When it comes to investments to build wealth in Malaysia, no other method is as popular as property investing, be it residential or commercial land/buildings or lots. However, properties are also an integral part of people’s lives, as places of living & places of work.
Therefore, although property investment is allowed, the government is also required to keep the property speculators in check to let people have the chance to own their own property (usually their 1st house). Hence, the introduction of Real Property Gains Tax (RPGT), or Cukai Keuntungan Harta Tanah (CKHT) in Malay, a capital tax governed by LHDN to curb property speculation.
In this series of blogs, we will introduce to you the basic aspects of RPGT. This blog will cover the definitions & calculations to arrive at a chargeable gain.
We must 1st determine what is considered “real property” and chargeable to RPGT. As mentioned above, LHDN considers all land & building (even parts of a larger building) as real property and chargeable to RPGT, regardless of their use as residential or commercial. This means landed properties, office spaces, shop lots, farmland etc.
LHDN also considers real property companies (RPC) as real property and chargeable to RPGT. RPCs are companies whose total tangible asset is mostly (≥75%) made up of real property or shares in another RPC.
Any disposals of these assets will be chargeable, and an RPGT assessment has to be filed with LHDN within 60 days of the disposal date. The gains will be assessed in the year of the disposal. The date of disposal is clearly defined by LHDN, as it affects the tax rate applied by the disposer.
“Date of disposal” is the date of agreement if a written agreement of disposal is made. In case no written agreement is made, the disposal date will be the earlier of:
- the date on which ownership of the asset is transferred by the disposer; or - the date on which all consideration for the transfer has been received by the disposer.
“Date of acquisition” meanwhile, is simply the date of disposal of the disposer who transferred the asset to the acquirer.
To allow for a fairer assessment, LHDN allow some expenses to be deductible when arriving at the chargeable gains of which the RPGT rate will be applied to.
On the disposal side, the consideration received in money/money’s worth for the disposal of the asset can be reduced by:
- incidental costs of disposal such as fees & commissions for professional services; and
- expenditure incurred to preserve or enhance the value of the asset; and
- expenditure incurred to preserve or defend the disposer’s title/right over the asset.
The final figure arrived from this calculation is the disposal price.
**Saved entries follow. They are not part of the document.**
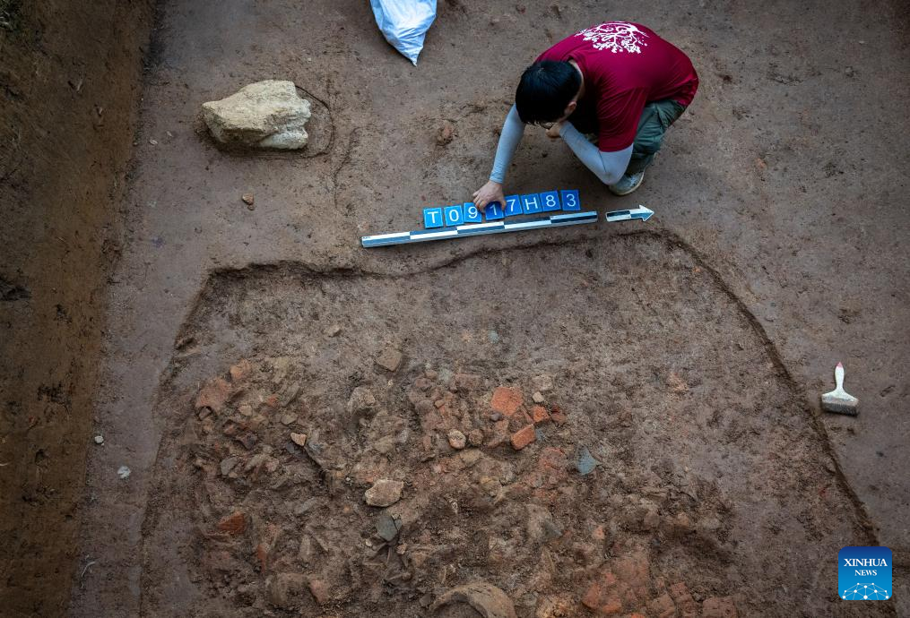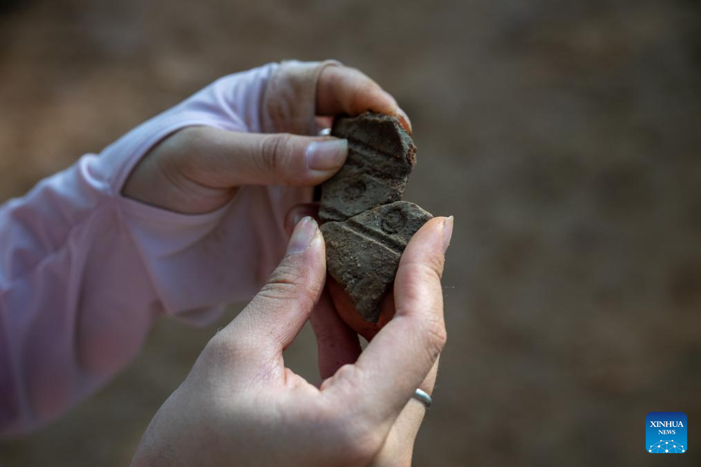 A participant from China puts pottery shreds together at an excavation site at the Panlongcheng National Archaeological Site Park in Wuhan, central China's Hubei Province, July 24, 2024. As part of Wuhan University's summer programs, the international summer school on archaeology is held at the Panlongcheng National Archaeological Site Park in Wuhan. This school offers opportunities to 9 students from home and abroad to participate in a five-week program, including lectures and field work. (Xinhua/Hu Jingwen)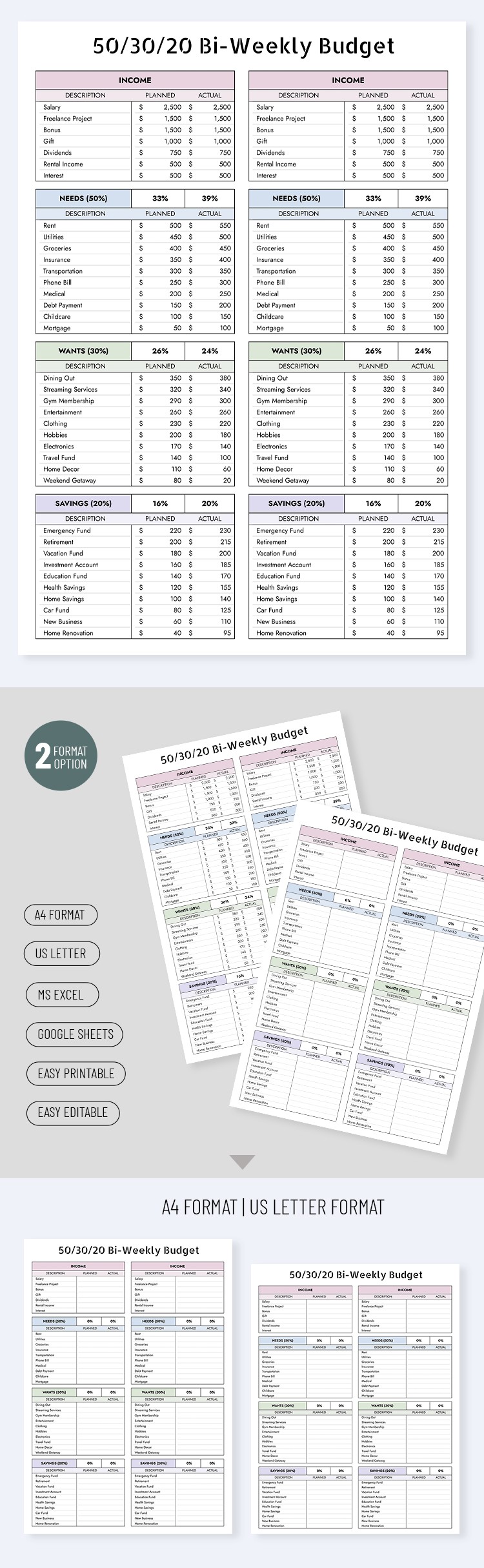 Free 50/30/20 Biweekly Budget Template in Google Sheets and Microsoft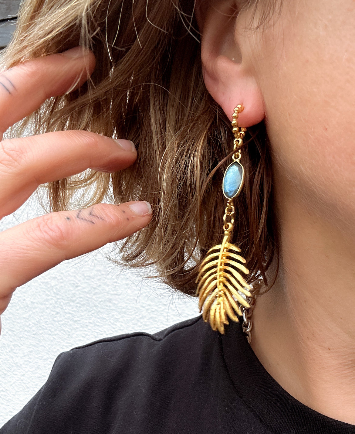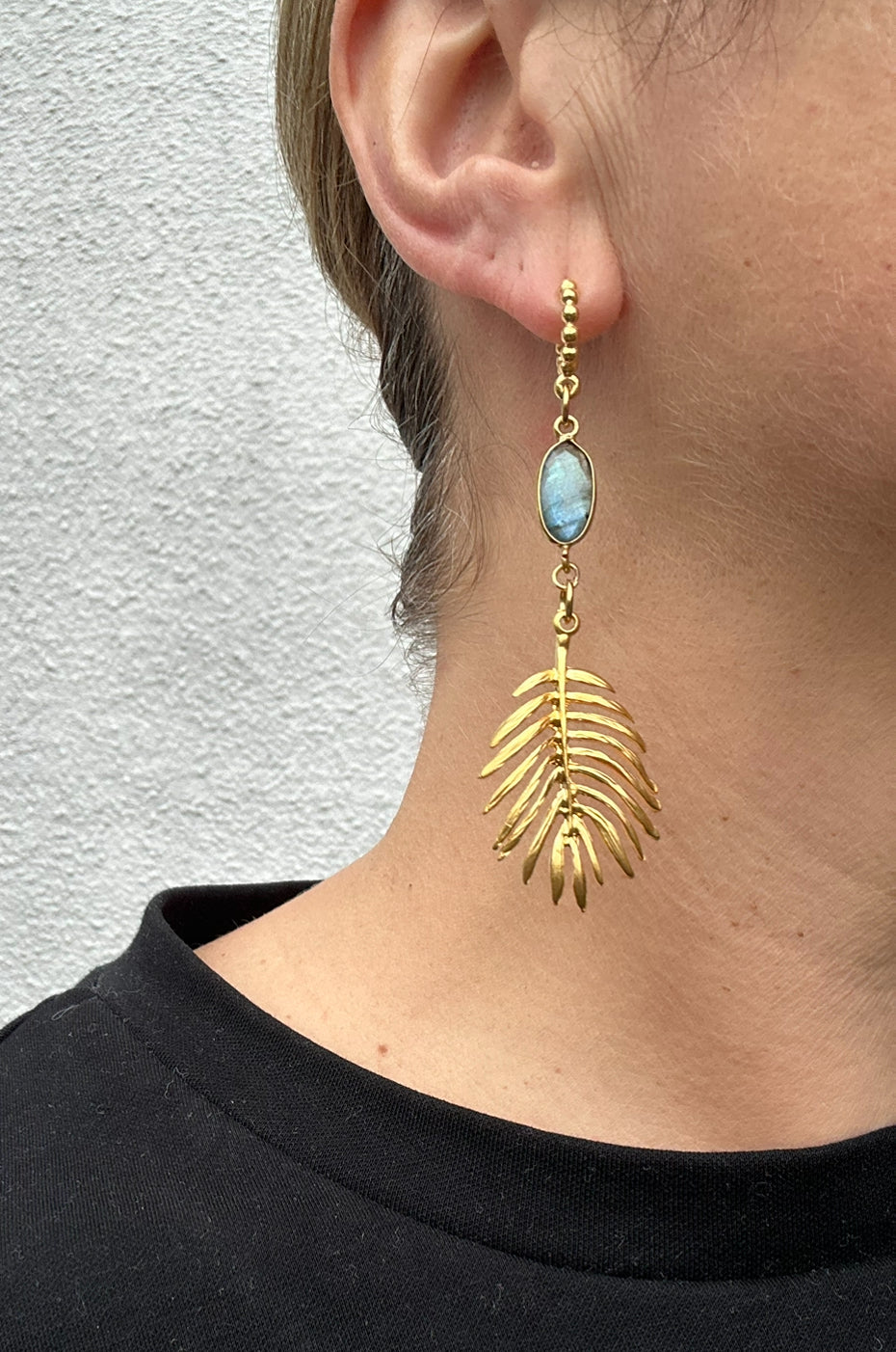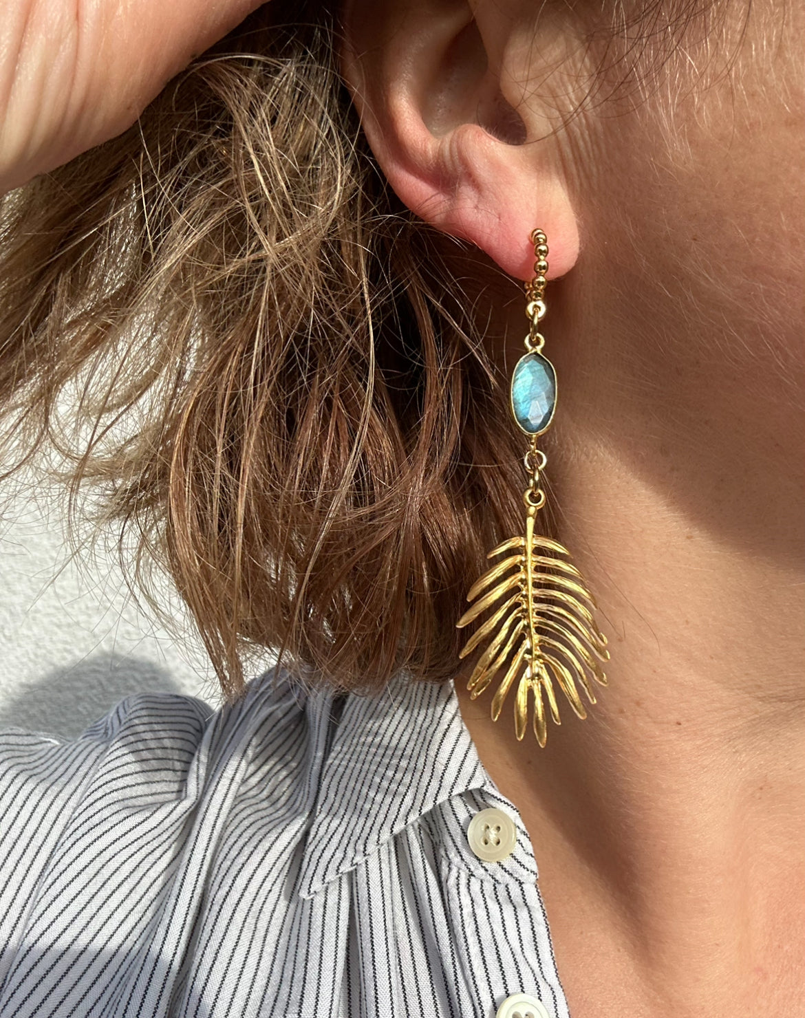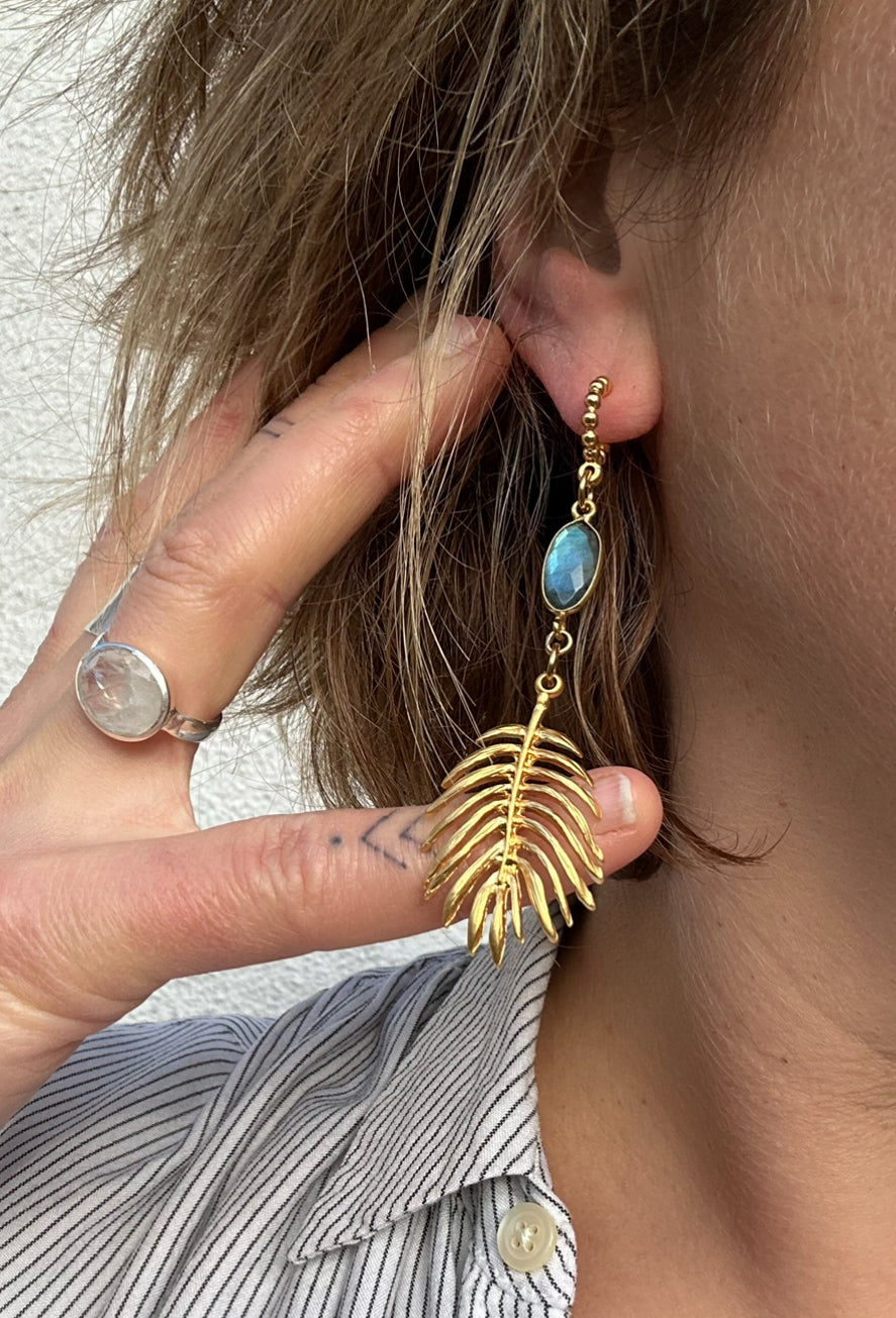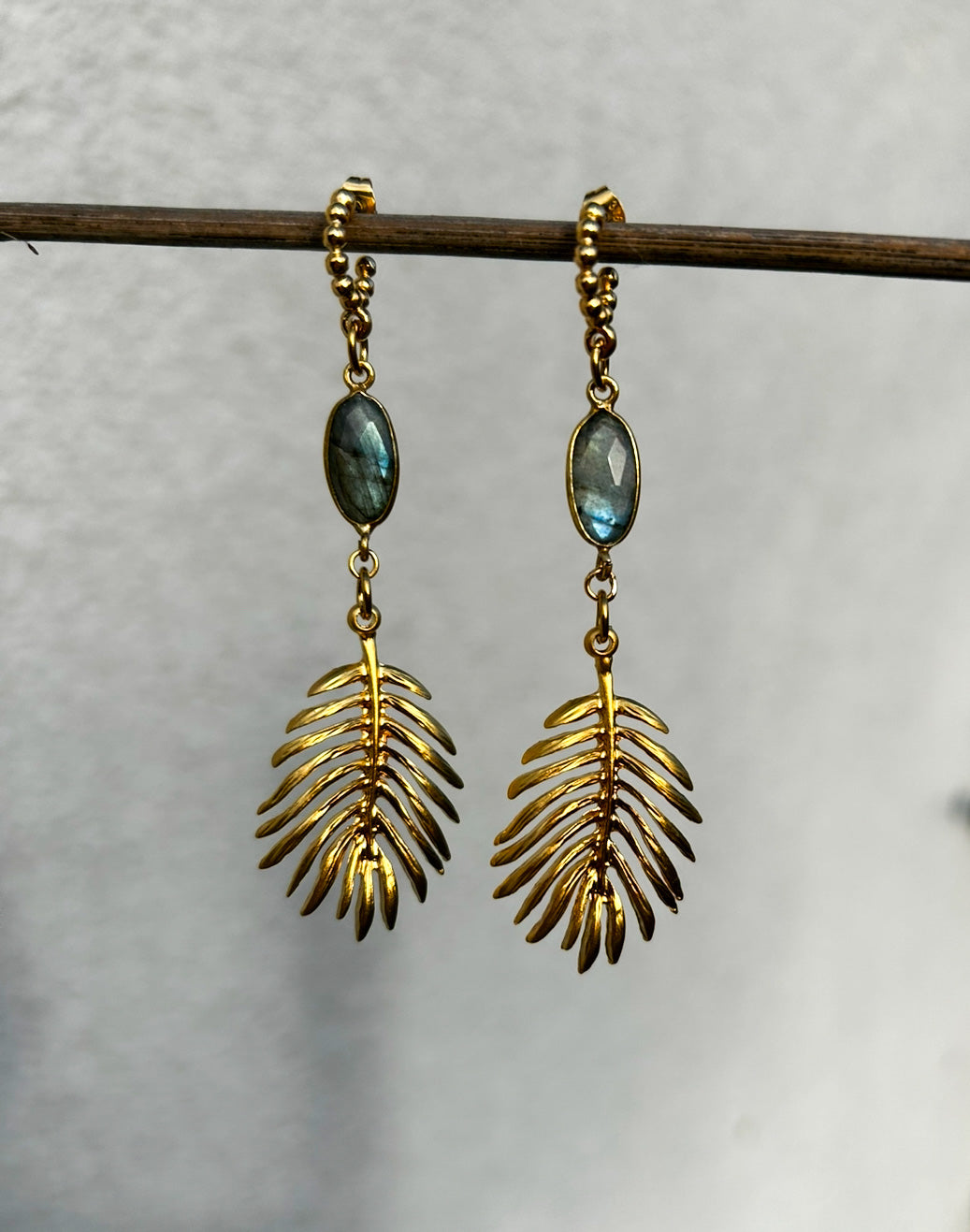 A one-of-a-kind pair of statement earrings featuring beautifully iridescent Labradorite paired with matte-gold palm frond pendants. Each stone has that gorgeous colour play Labradorite is known for — shifting blues and greens that catch the light as you move.

On the acquisition side, consideration paid in money/money’s worth for the acquisition of the asset will be increased by the incidental cost of acquisition such as fees & commissions for professional services, but will be reduced by:
- a depreciation of an asset (that is already charged to income tax); and
- compensation received for damage to the asset (including insurance payouts); and - deposit forfeited by previously cancelled disposal.
The final figure arrived from this calculation is the acquisition price.
The difference between the disposal price & acquisition price is the chargeable gain, which will then be applied to the associated RPGT rate. In case the acquisition price is larger than the disposal price, an allowable loss will arise.
Such allowable loss shall be allowed as a reduction to reduce the total chargeable gain of a person for a year of assessment in which the disposal was made.
The loss will be absorbed by any chargeable gains within the year in priority, with the remainder of losses carried forward until fully absorbed.
RPGT is a massive consideration when purchasing property, either for use or merely as an investment. The consequences of not submitting RPGT returns or submitting incorrect returns can be severe, as the penalties charged are scaled to the transaction amount. When dealing with properties, which often value in the ten/hundred thousand or even millions, the penalties will quickly rack up. Therefore, it is imperative that you are well aware of the RPGT filing and the associated rates.